Last night I dreamed of you, and in my dream, I was with you again, and you washed through my body like a wave.
Lessons I’ve learned since you died:
How to pack certain things away with precision—heartbreak, of course, grief and regret, but also anger—the kind you always told me I should bite back.
—
The rituals of summer. Cooking fires on the beach, lobster, corn, blueberries, and peaches. Early-morning swims and being barefoot all day long.
I read the book of Cavafy’s poetry.
On my birthday, I call Ted Sorensen.
“I miss Jack,” I say. “Even the stupid things that used to irritate me, like when he’d track sand into the house in the cuffs of his pants.”
“Can I take a ride over?” Sorensen asks.
“Please.”
He brings doodles Jack made during the missile crisis. Sheets of yellow lined paper with little pictures and words staggered among the drawings—Khrushchev, Soviet Submarines. On one page, the word Missile circled over and over.
“Before, we would’ve just thrown them away,” he says.
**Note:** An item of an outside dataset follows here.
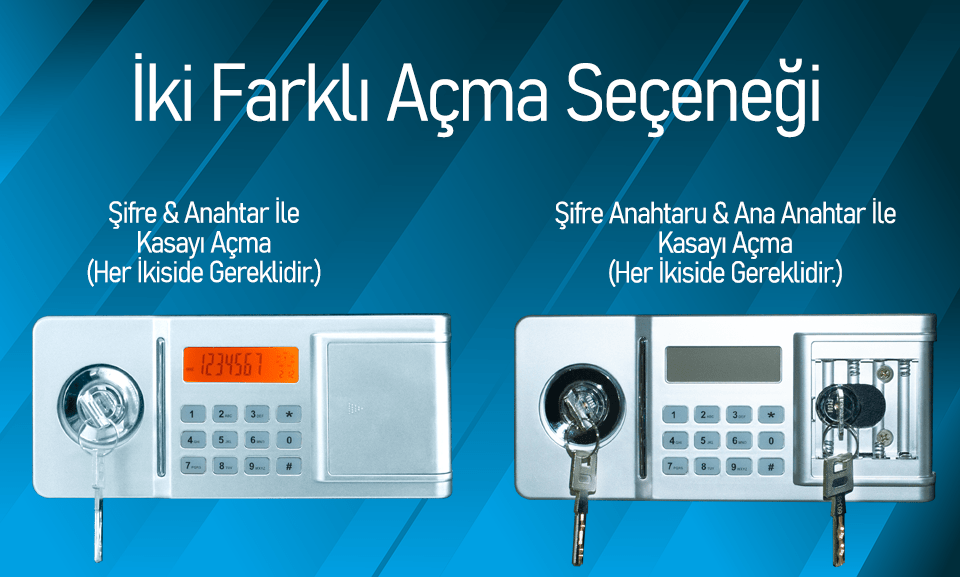 It provides full protection for your money and valuables against both fire and theft. Double security (key + password), patented thermal insulation system, cut and impact resistant structure provides complete protection to the user in every way. In addition, the model with two different encryption systems has an alarm feature against incorrect passwords.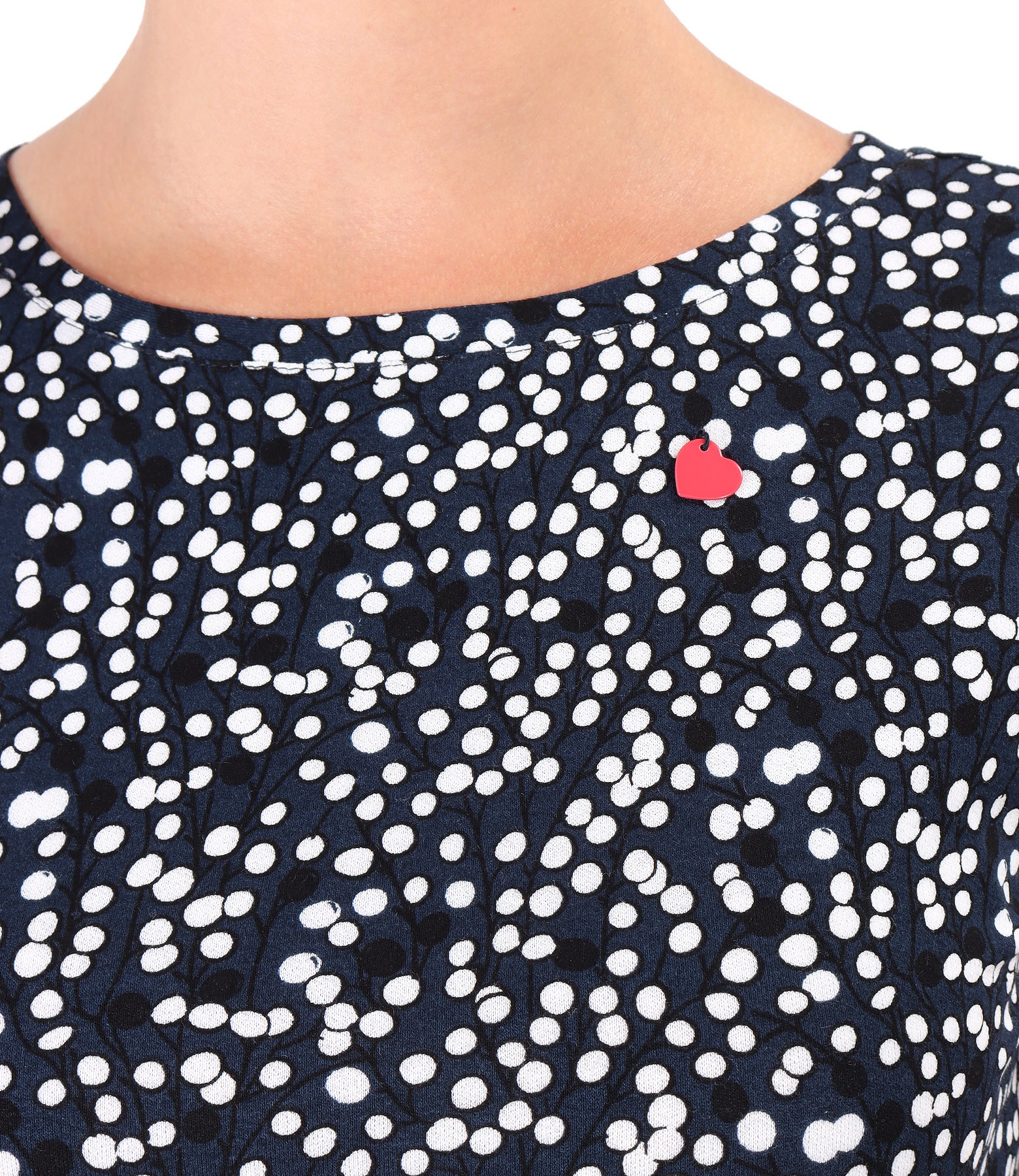 Bluza din jerse elastic din viscoza, imprimat cu picouri si crengute, cu decolteu barcuta cu inima metalica cusuta pe fata si cu umeri cazuti.

You loved him, I almost say, but it’s so obvious, I feel ashamed.
—
Sometimes I can feel those layers of other summers when you were here. Collateral moments—the warm green shadows and how the sunlight fell across your shoulders and your face. I could see you aging, but I’d still catch that unmistakable careless grace I always loved. Sometimes I see it still, even with you gone, even as the seasons change and new rituals begin to rewrite the hours, erasing you, as summer moves toward fall.
When I feel you close to me—your presence and the loss—I just wish I’d given more, said and trusted more. It’s like breathing in lightning, the want and the regret.
—
The man accused of shooting Mary Meyer is acquitted. It’s in the papers that August. A Black female lawyer took his case and argued that the man accused wasn’t the size of the suspect a witness had seen. Mary Meyer was shot twice, once in the head, once in the shoulder, by someone who knew how to push a bullet straight to the aorta; her mind went dark in an instant. Both shots were mortal. This detail, more than any other, haunts me.
I swim in the ocean, and my mind turns: Mary Meyer, two shots, a Black man fishing, the chiffon dress, its hem soaked with snow, drunk lovesick Mary wandering the White House lawn.
—
One evening, when the sky is bright, I take the children for a walk. The street is empty. John pulls at my hand while Caroline skips ahead. John stops, squatting down beside a puddle in the road.
“John, that’s dirty,” I say as he starts to reach for the water.
“No, Mummy, I want it. The moon.”
It strikes me then—a sudden feeling I almost don’t recognize. I am happy. That’s what it is, the feeling.
“You’re crying again,” says Caroline.
I pull my daughter to me, and John as well. I hold them both. John’s hands wrap my neck, but Caroline’s arms stay tucked by her side, her body like wood, that rigid sorrow. She’s holding her breath, holding everything in.
“It’s okay, sweetheart. Caroline, my love, it’s okay.” I feel her body give, a tiny sob in her throat. “He was our world, my love. That’s why we cry.”
…
That fall, I rent a house in Far Hills, New Jersey. Simple, clapboard, down a dirt road. Almost every weekend I drive out with the children to ride. Coming back into Manhattan late one Sunday, we get stuck in traffic. It’s after eleven when we finally reach 1040. John’s asleep in my arms, and as I walk in and turn on the hall light, I’m startled to notice how the apartment has become home. The old-world curtains, blue-and-white lamps, long shelves of books, the cherry-blossom screens. Near the window, my easel with a canvas. My eyes sweep the photographs: horses, dogs, the children, Jack.